Im Archiv der «Rheintalischen Volkszeitung», die lange das Hausblatt der katholisch-konservativen Kräfte im Oberrheintal war und eine dezidiert opponente Meinung zum freisinnigen «Rheintaler» vertrat. (Bild: Max Tinner)

Anfang Woche haben die Aktionäre der Rheintaler Druckerei und Verlag AG (rdv) und der rva Druck und Medien AG den Zusammenschluss zur Rheintal Medien AG beschlossen. Die lokalen Seiten des «Rheintalers» und der «Rheintalischen Volkszeitung» werden zwar bereits seit 2011 von derselben Redaktion erarbeitet. Beim aktuellen Fusionsbeschluss ging es «lediglich» noch darum, auch die Druckereien unter dasselbe Dach zu bringen. Trotzdem kann der Zusammenschluss als ein Meilenstein in der Mediengeschichte des Rheintals betrachtet werden. Immerhin standen die beiden Häuser hinter zwei Zeitungen, die über Jahrzehnte politische Gegenpole vertraten. Der von der rdv herausgegebene «Rheintaler» war das Blatt der freisinnig-liberalen Kräfte im Tal, die «Volkszeitung» der rva die Zeitung der Katholisch-Konservativen, deren Partei seit Anfang der 1970er-Jahre als CVP auftritt.

So mancher ältere parteipolitisch Engagierte erinnert sich noch gut, wie in den Zeitungen auf die jeweilige Gegenpartei geschossen wurde, vor allem als die «Volkszeitung» von Eugen Rohner und der «Rheintaler» von Hans Müller geprägt wurden. «In der Zeitung konnten die beiden ausgezeichnet streiten und austeilen», sagt Paul Thür, CVPler und letzter Verwaltungsratspräsident der rva. Auf persönlicher Ebene hätten sie aber keine Probleme miteinander gehabt. Im Gegenteil: «Sie trafen sich gerne in der Schenke zu den <Drei Königen>, um brissagorauchend über Gott und die Welt zu diskutieren», erzählt Thür.

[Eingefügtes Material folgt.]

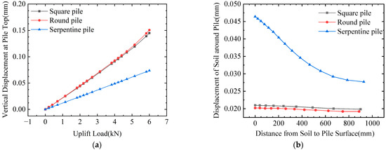 Figure 7a displays the vertical displacement changes at the pile top as the uplift load increases from 0 kN to 6 kN for the three pile types. The soil displacement around the piles at a 6 kN uplift load is also depicted. Notably, under equal uplift loads, the vertical displacements at the tops of square and round piles are comparable and exceed that of the serpentine pile. Specific values at 6 kN reveal a vertical displacement of 0.151 mm for the square pile, 0.150 mm for the round pile, and only 0.075 mm for the serpentine pile. The vertical displacements at the tops of square and round piles are roughly double that of the serpentine pile due to the anchoring effect of its corrugated body impeding upward displacement.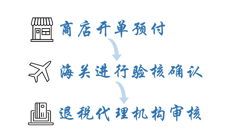 商店开单预付、海关进行验核确认、退税代理机构审核。

Zuweilen mögen die Zeitungen sogar am selben Strick gezogen haben. Der frühere FDPler Guy Jenny denkt, dass dies so gewesen sein mag, als bei den Altstätter Gemeinderatswahlen von 1975 Niklaus Rüegger gegen den amtierenden Gemeindammann Anton Stadler antrat und dann auch gewählt wurde. «Brennpunkt war denn auch vor allem Altstätten», stellt Paul Thür fest. Zuweilen habe es auch über Oberriet viel zu schreiben gegeben, wo plötzlich die FDP erstarkte – weniger als Ausdruck einer liberalen Bewegung, sondern als Opposition zur dominierenden CVP. Weil sich das Einzugsgebiet der «Volkszeitung» in jenen Jahren aber aufs Oberrheintal beschränkte, nahm man sie bereits in Balgach kaum mehr wahr, erinnert sich alt Gemeindepräsident und FDP-Regierungsrat Burkhard Vetsch. Dort war der «Rheintaler Volksfreund» die katholische Stimme, die dann in der «Ostschweiz» aufging.

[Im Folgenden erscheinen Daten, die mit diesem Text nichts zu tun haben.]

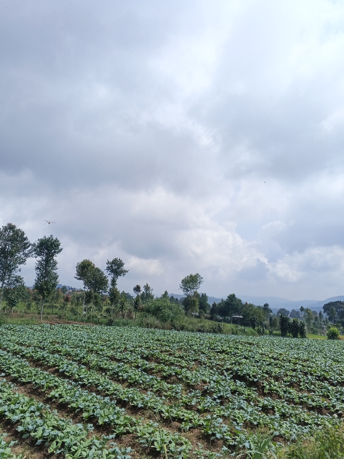 The scene depicts an expansive agricultural field located in Nam Sa Lat, Myanmar. The foreground is dominated by uniformly planted rows of green leafy crops, likely brassicas, set in dark brown soil. In the midground, a diverse line of trees, varying in height and foliage, forms a natural barrier separating the field from the distant terrain. A small, dark-roofed structure is partially visible among the trees in the right-center midground. The background features undulating hills covered with vegetation, appearing somewhat hazy. The upper two-thirds of the image consists of an overcast sky filled with large, grey cumulus clouds. Two birds are present in the sky; one is visible in the upper left quadrant, and a smaller, dark silhouette is in the upper right quadrant. No human activity or individuals are visible.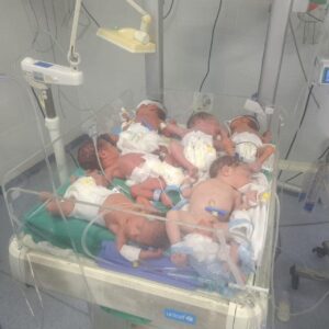 Dr. Mohammed Abu Salmiya, director of Al-Shifa Medical Complex in Gaza, described the dire conditions facing premature infants in the city’s neonatal units, where six babies are being kept in a single incubator.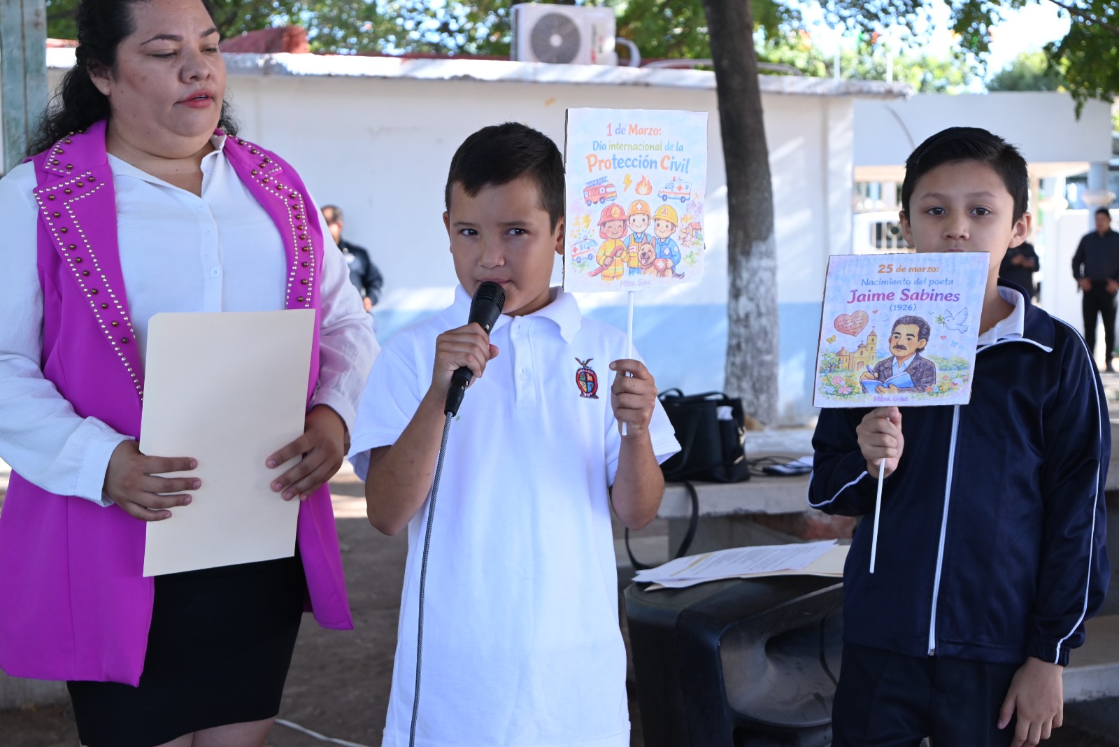 Asimismo, estuvieron presentes la directora municipal de Educación, Gloria Elena Martínez Estrada, la supervisora de primarias de la zona escolar 094, María Angélica Vázquez Rosas y el director del plantel Luis Gerardo Sánchez Arellano, quienes acompañaron esta significativa ceremonia cívica que fortalece los valores y la identidad nacional en la comunidad educativa.

Zwischen den Zeitungen lag lange Zeit nicht nur eine politische, sondern auch eine konfessionelle Demarkationslinie. Der «Rheintaler» war die Zeitung der Reformierten, die «Volkszeitung» jene der Katholiken. «Es wäre undenkbar gewesen, dass in der katholischen <Volkszeitung> etwas über den evangelischen Mütterverein steht», erinnert sich alt Lehrer und CVPler Selin Loher.

Dies ist schon seit einigen Jahren nicht mehr so. Sowohl in der «Volkszeitung» als auch im «Rheintaler» finden beide Konfessionen und alle Parteien eine Plattform. Auch die Fusion von rva und rdv hat einen versöhnlichen Charakter: Es schluckt nicht eines der Unternehmen das andere, sondern rdv und rva vereinigen sich in einer sogenannten Kombinationsfusion: Ihre neue Firma Rheintal Medien AG gründen sie gemeinsam.